### COLLECTED DATA
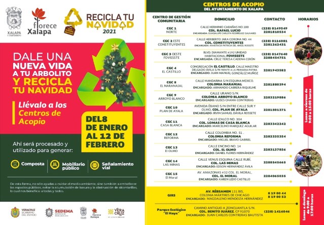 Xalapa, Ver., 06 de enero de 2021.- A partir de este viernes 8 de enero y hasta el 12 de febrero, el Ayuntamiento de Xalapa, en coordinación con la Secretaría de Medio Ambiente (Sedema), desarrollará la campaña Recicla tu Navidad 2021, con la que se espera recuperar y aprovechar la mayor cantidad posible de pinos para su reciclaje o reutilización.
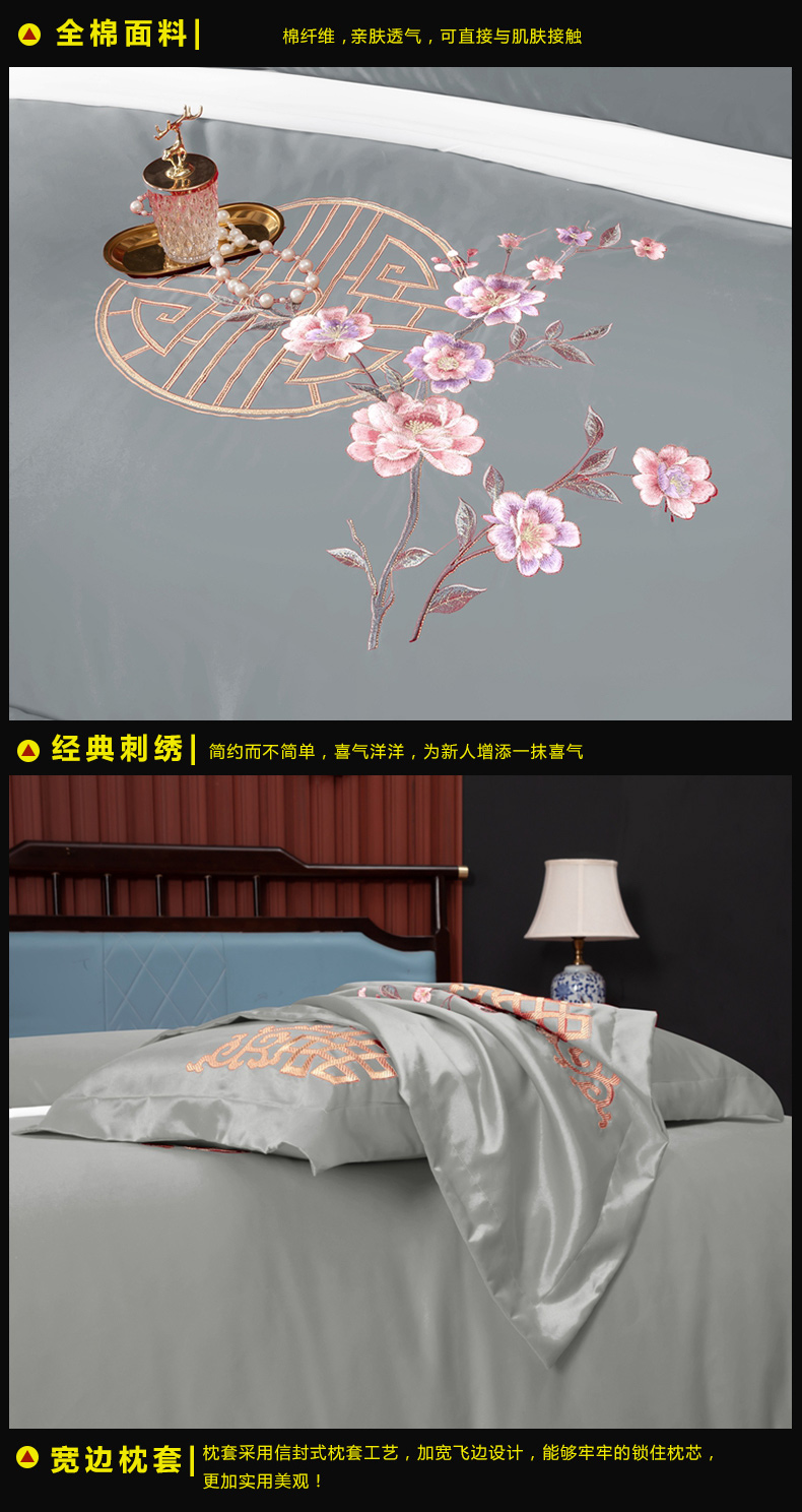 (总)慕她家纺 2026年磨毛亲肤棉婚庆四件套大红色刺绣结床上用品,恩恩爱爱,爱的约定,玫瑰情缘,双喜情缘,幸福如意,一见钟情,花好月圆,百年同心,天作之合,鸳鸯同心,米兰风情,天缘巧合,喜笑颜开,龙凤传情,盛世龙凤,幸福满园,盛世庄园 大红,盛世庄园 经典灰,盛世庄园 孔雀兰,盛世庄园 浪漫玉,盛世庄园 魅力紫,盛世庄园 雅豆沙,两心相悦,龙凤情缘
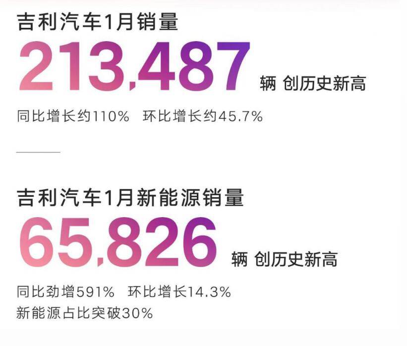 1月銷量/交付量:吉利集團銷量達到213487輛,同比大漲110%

### HOW TO COMPLETE THIS TASK
Keep the pictures out of your answer, which should be the lines from the one with "浪漫玉,盛世庄园 魅力紫,盛世庄园 雅豆沙,两心相悦,龙凤情缘" through the final line of the data, copied exactly.

### WRITTEN RESPONSE
 (总)慕她家纺 2026年磨毛亲肤棉婚庆四件套大红色刺绣结床上用品,恩恩爱爱,爱的约定,玫瑰情缘,双喜情缘,幸福如意,一见钟情,花好月圆,百年同心,天作之合,鸳鸯同心,米兰风情,天缘巧合,喜笑颜开,龙凤传情,盛世龙凤,幸福满园,盛世庄园 大红,盛世庄园 经典灰,盛世庄园 孔雀兰,盛世庄园 浪漫玉,盛世庄园 魅力紫,盛世庄园 雅豆沙,两心相悦,龙凤情缘
 1月銷量/交付量:吉利集團銷量達到213487輛,同比大漲110%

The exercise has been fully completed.